- _What this task involves_:
With pictures removed, output every record below exactly as written.

- _Exercise materials_:
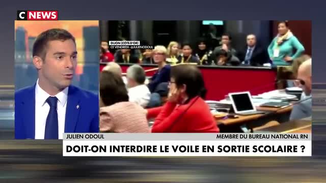 Julien Odoul, avait déjà eu une altercation en décembre dernier avec la presidente pour vouloir mettre un sapin de noël et une crèche dans la salle d 'audience ou dans le couloir , on lui a dit ; ''pas de signes religieux'' , alors il est revenu a la charge avec ce voile islamique vendredi 11 octobre. C'est a croire que toute la classe politique attend qu'un elu du RN fasse une faute pour lui tomber dessus , le pire c'est Karim Zeribi, lui il se dit républicain mais il est arabe avant tout, et le RN c'est l'ennemi a abattre, Zeribi est tombe sur Odoul comme une hyène affamée sur un bout de gras. Et les autres ont suivit et ont fait parti du troupeau, mais Zeribi a ete particulierement détestable en traitant Odoul de 'raclure' tout ça parce que la république autorise une femme voilée a accompagner un groupe d'enfants dans le cadre d'une sortie scolaire et parce que il a fait pleurer un enfant ! le fils de la dame voilee ."'Il sera traumatise a vie '''a t 'il déclaré .Tout ce petit monde de pisseur de copies n'est pas beau a voir, un spectacle pitoyable de charognards.
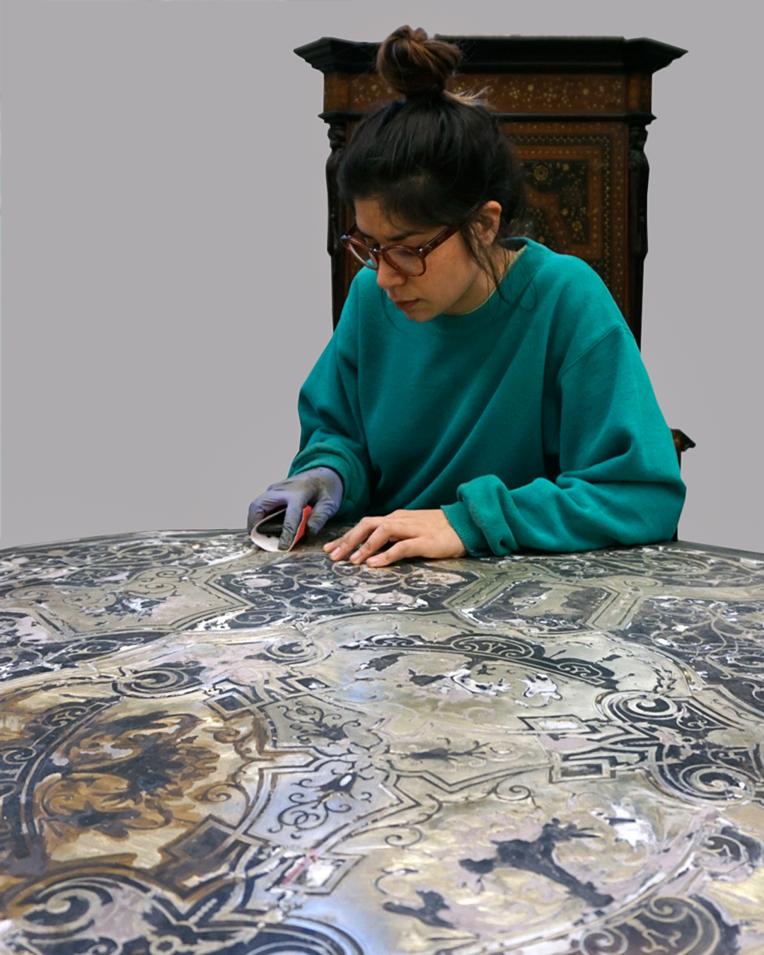 Restauradora especializada en boulle, carpintera
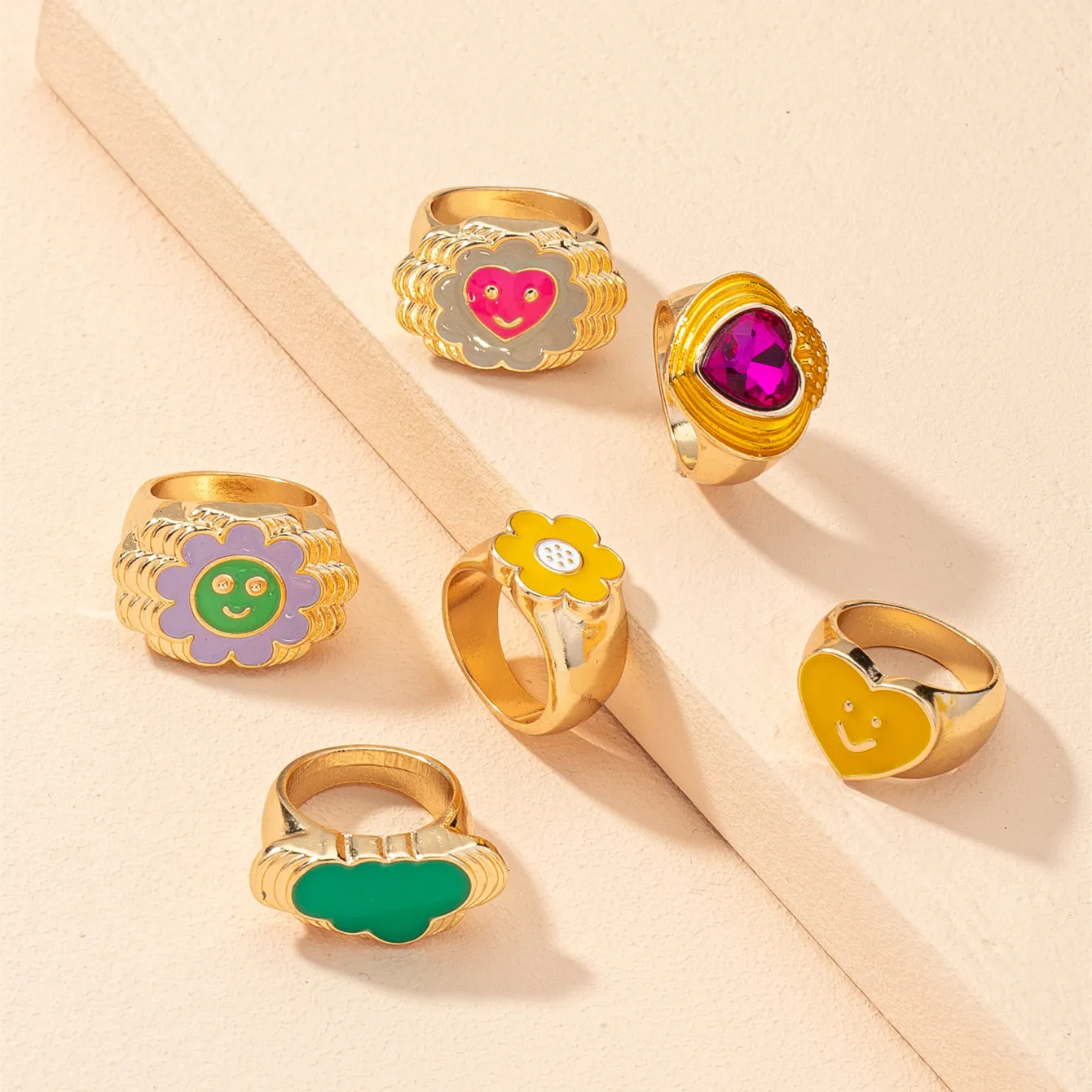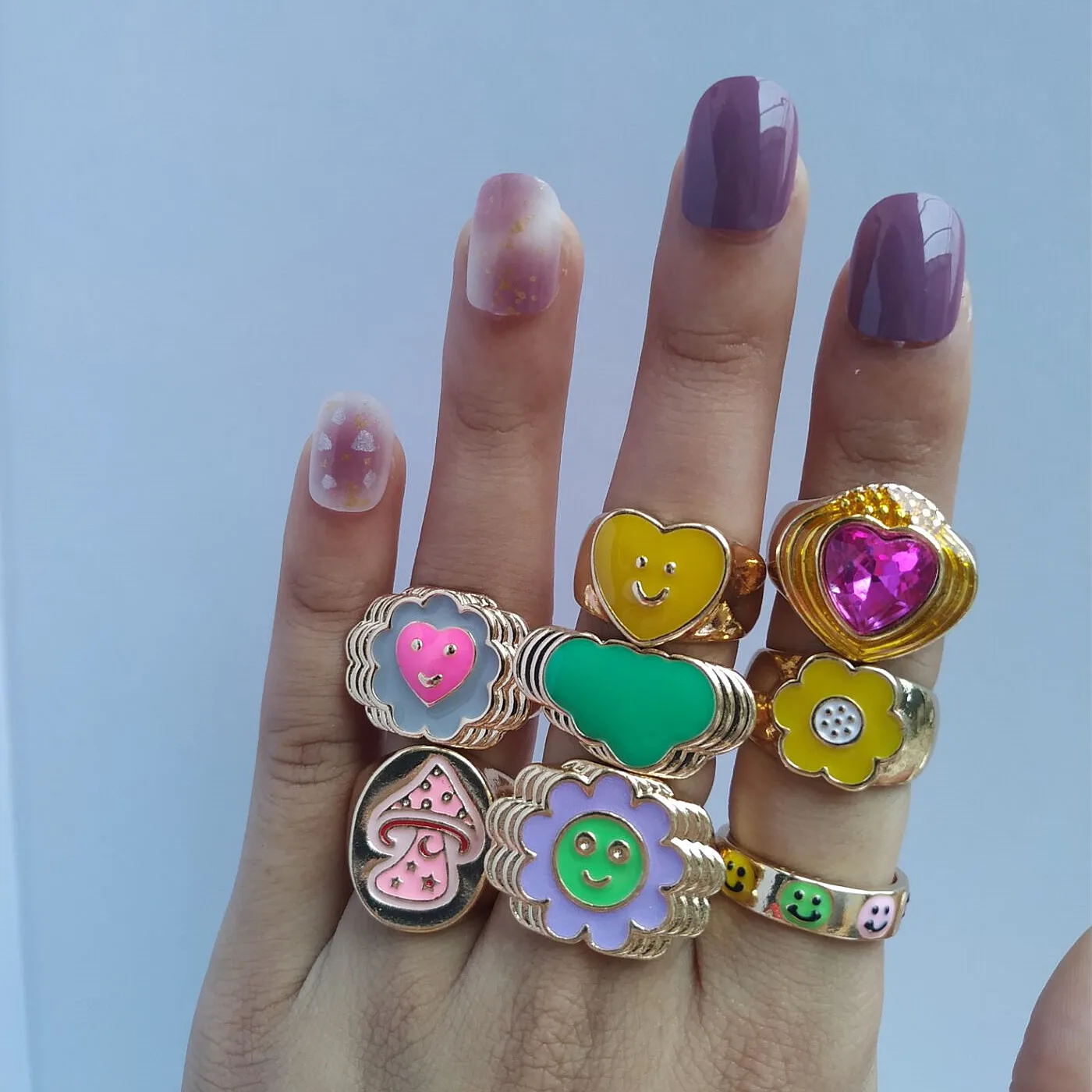 Женское толстое кольцо с эмалью, массивное Ювелирное Украшение в форме гриба, сердца, цветка, королевы, инопланетянина, кольца с облаками
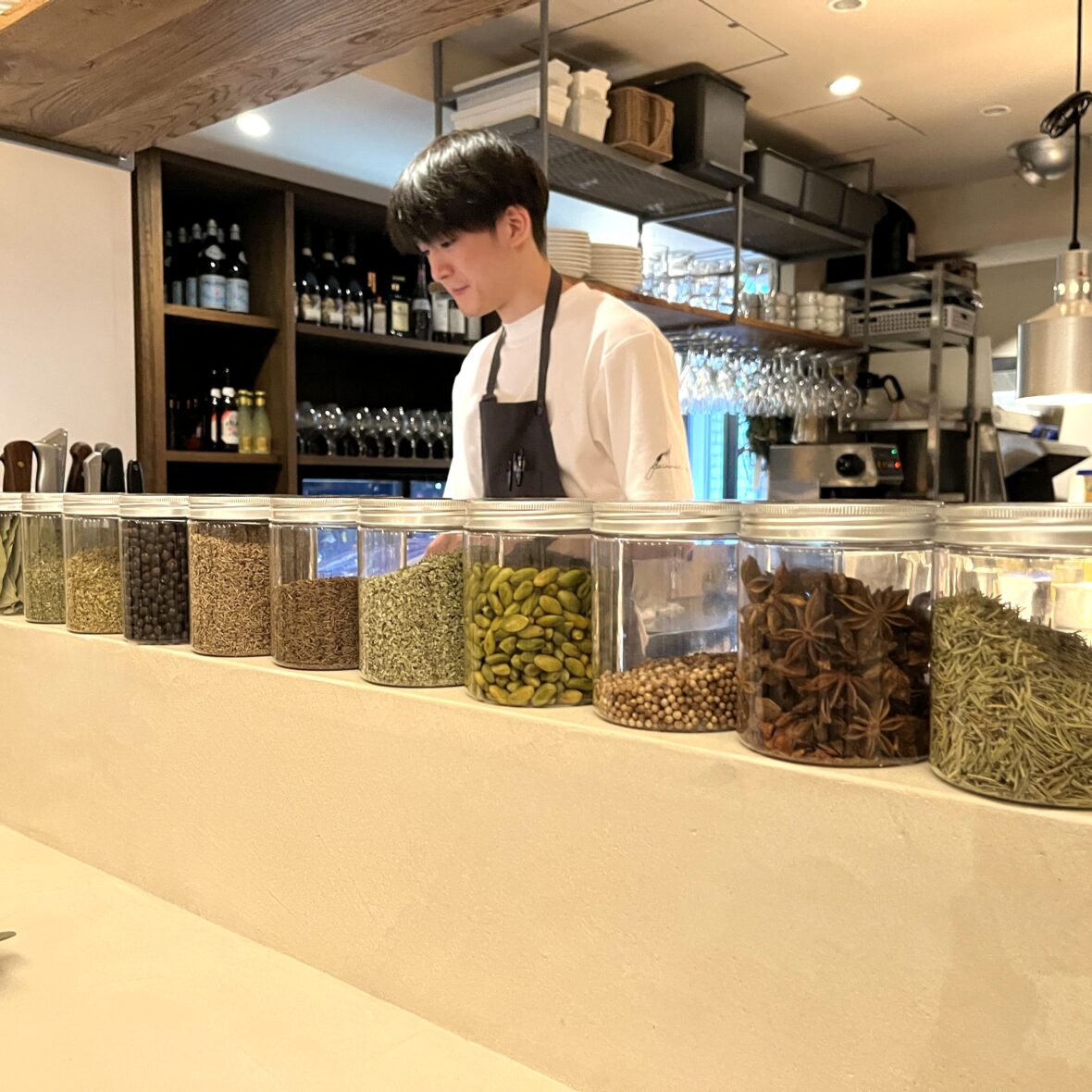 店内に並ぶ20種類以上のスパイス。しかし、こちらの料理は決して「辛い」のではありません。一皿に使うのは厳選された3〜4種。海老を茹でる際にもスパイスを加えるなど、素材本来の香りを引き立てる「隠し味」として計算し尽くされています。赤ワインの酸味や香りを活かしたソースは、驚くほどスッキリとした後味。毎日でも食べたくなる体に優しい仕上がりです。
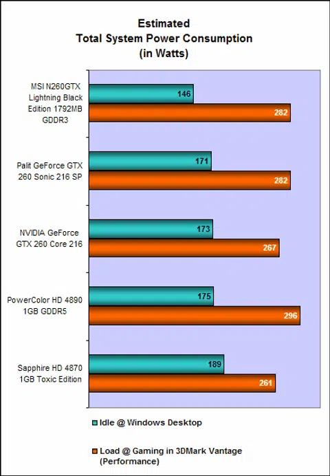 The MSI N260 Lightning recorded a peak power draw of 282W, similar to the Palit GeForce GTX 260 Sonic 216 SP and not too far off the Radeon HD 4890. It just goes to show that despite driver optimization, a powerful card will still draw bucket loads of power. Fortunately, at idle, the system was recording a power draw of 146W, which is the lowest here.
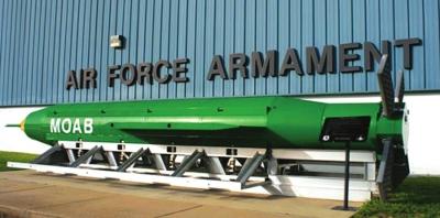 鉴于威力巨大,美军还就其使用的合法性进行讨论,最终得出结论,认定它不属于无差别杀伤性武器。这种大型炸弹由飞机投放,依靠全球卫星定位系统(GPS)制导,用于杀伤地面人员、摧毁建筑物和隧道洞口。美军还拥有一种类似重量的大型炸弹,可钻入地下,摧毁深层加固目标。
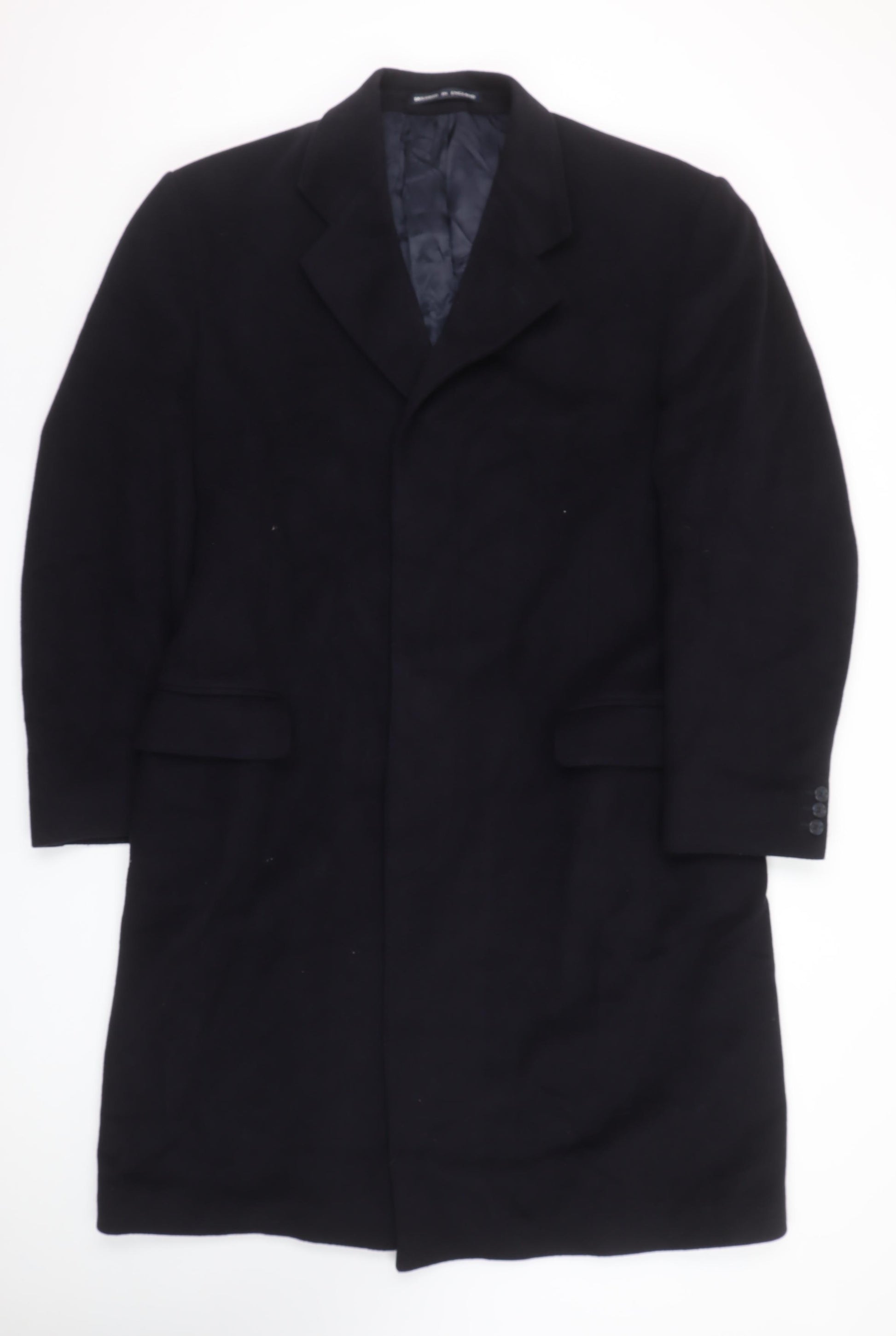 This sophisticated Centaur men's black wool overcoat combines timeless British tailoring with a classic silhouette, perfect for the discerning gentleman. Expertly tailored in England, this coat is constructed from high-quality wool, featuring a soft yet durable outer shell that provides both warmth and comfort during the cooler months. Fully lined with a smooth polyester interior, it ensures a refined finish inside and out. Designed in a traditional overcoat style, the coat features a single-breasted closure with button fastening, a structured notched lapel collar, and neatly flapped front pockets for both practicality and polish. The long length offers excellent coverage and pairs effortlessly with business or formal attire, making it an ideal choice for autumn and winter wear. The classic black colour adds versatility, allowing it to complement a variety of ensembles with ease. The fit is regular, suitable for men aiming for a tailored yet comfortable structure. This piece embodies timeless elegance and British craftsmanship, making it perfect for business meetings, formal events, or everyday professional wear. Condition is rated Excellent with only minor lint from previous wear, reflecting careful use and preservation of the garment’s refined appearance. Its fine detailing, durable materials, and expert craftsmanship ensure it will remain a staple piece in your wardrobe for years to come. A great choice for those seeking an understated but distinguished look. Purchase this Centaur overcoat today to add a layer of class and comfort to your wardrobe.
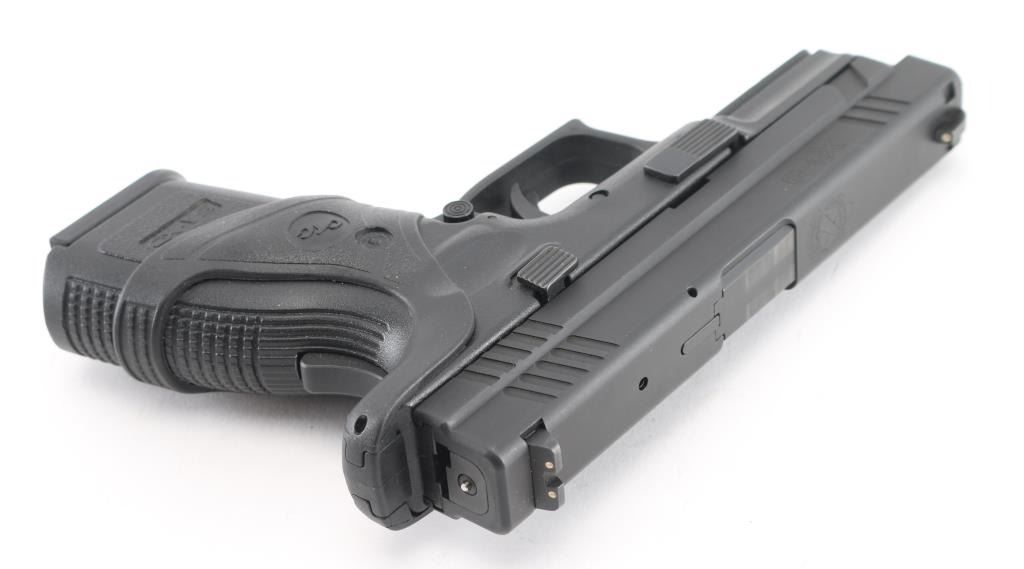 Semi-auto, striker fired, pistol chambered for 9x19mm ammunition. It has a stainless slide, synthetic frame, safety trigger, grip safety, dovetailed three dot sights, and an accessory rail. It comes with the original hard case, holster, mag holder, speed loader, owners manual, and lock. It also comes with a Crimson Trace grip laser, (it works) and the owners manual. Metal finish looks great. Frame is great. Bore looks new. Condition is NRA Excellent+ *Modern Firearm*
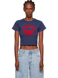 Cotton jersey T-shirt. · Crewneck · Logo graphic flocked at front · Cropped hem · Text flocked at back Supplier color: Navy 100% cotton. Made in South Korea 252327F110003

- _Expected answer_:
 Julien Odoul, avait déjà eu une altercation en décembre dernier avec la presidente pour vouloir mettre un sapin de noël et une crèche dans la salle d 'audience ou dans le couloir , on lui a dit ; ''pas de signes religieux'' , alors il est revenu a la charge avec ce voile islamique vendredi 11 octobre. C'est a croire que toute la classe politique attend qu'un elu du RN fasse une faute pour lui tomber dessus , le pire c'est Karim Zeribi, lui il se dit républicain mais il est arabe avant tout, et le RN c'est l'ennemi a abattre, Zeribi est tombe sur Odoul comme une hyène affamée sur un bout de gras. Et les autres ont suivit et ont fait parti du troupeau, mais Zeribi a ete particulierement détestable en traitant Odoul de 'raclure' tout ça parce que la république autorise une femme voilée a accompagner un groupe d'enfants dans le cadre d'une sortie scolaire et parce que il a fait pleurer un enfant ! le fils de la dame voilee ."'Il sera traumatise a vie '''a t 'il déclaré .Tout ce petit monde de pisseur de copies n'est pas beau a voir, un spectacle pitoyable de charognards.
 Restauradora especializada en boulle, carpintera
 Женское толстое кольцо с эмалью, массивное Ювелирное Украшение в форме гриба, сердца, цветка, королевы, инопланетянина, кольца с облаками
 店内に並ぶ20種類以上のスパイス。しかし、こちらの料理は決して「辛い」のではありません。一皿に使うのは厳選された3〜4種。海老を茹でる際にもスパイスを加えるなど、素材本来の香りを引き立てる「隠し味」として計算し尽くされています。赤ワインの酸味や香りを活かしたソースは、驚くほどスッキリとした後味。毎日でも食べたくなる体に優しい仕上がりです。
 The MSI N260 Lightning recorded a peak power draw of 282W, similar to the Palit GeForce GTX 260 Sonic 216 SP and not too far off the Radeon HD 4890. It just goes to show that despite driver optimization, a powerful card will still draw bucket loads of power. Fortunately, at idle, the system was recording a power draw of 146W, which is the lowest here.
 鉴于威力巨大,美军还就其使用的合法性进行讨论,最终得出结论,认定它不属于无差别杀伤性武器。这种大型炸弹由飞机投放,依靠全球卫星定位系统(GPS)制导,用于杀伤地面人员、摧毁建筑物和隧道洞口。美军还拥有一种类似重量的大型炸弹,可钻入地下,摧毁深层加固目标。
 This sophisticated Centaur men's black wool overcoat combines timeless British tailoring with a classic silhouette, perfect for the discerning gentleman. Expertly tailored in England, this coat is constructed from high-quality wool, featuring a soft yet durable outer shell that provides both warmth and comfort during the cooler months. Fully lined with a smooth polyester interior, it ensures a refined finish inside and out. Designed in a traditional overcoat style, the coat features a single-breasted closure with button fastening, a structured notched lapel collar, and neatly flapped front pockets for both practicality and polish. The long length offers excellent coverage and pairs effortlessly with business or formal attire, making it an ideal choice for autumn and winter wear. The classic black colour adds versatility, allowing it to complement a variety of ensembles with ease. The fit is regular, suitable for men aiming for a tailored yet comfortable structure. This piece embodies timeless elegance and British craftsmanship, making it perfect for business meetings, formal events, or everyday professional wear. Condition is rated Excellent with only minor lint from previous wear, reflecting careful use and preservation of the garment’s refined appearance. Its fine detailing, durable materials, and expert craftsmanship ensure it will remain a staple piece in your wardrobe for years to come. A great choice for those seeking an understated but distinguished look. Purchase this Centaur overcoat today to add a layer of class and comfort to your wardrobe.
 Semi-auto, striker fired, pistol chambered for 9x19mm ammunition. It has a stainless slide, synthetic frame, safety trigger, grip safety, dovetailed three dot sights, and an accessory rail. It comes with the original hard case, holster, mag holder, speed loader, owners manual, and lock. It also comes with a Crimson Trace grip laser, (it works) and the owners manual. Metal finish looks great. Frame is great. Bore looks new. Condition is NRA Excellent+ *Modern Firearm*
 Cotton jersey T-shirt. · Crewneck · Logo graphic flocked at front · Cropped hem · Text flocked at back Supplier color: Navy 100% cotton. Made in South Korea 252327F110003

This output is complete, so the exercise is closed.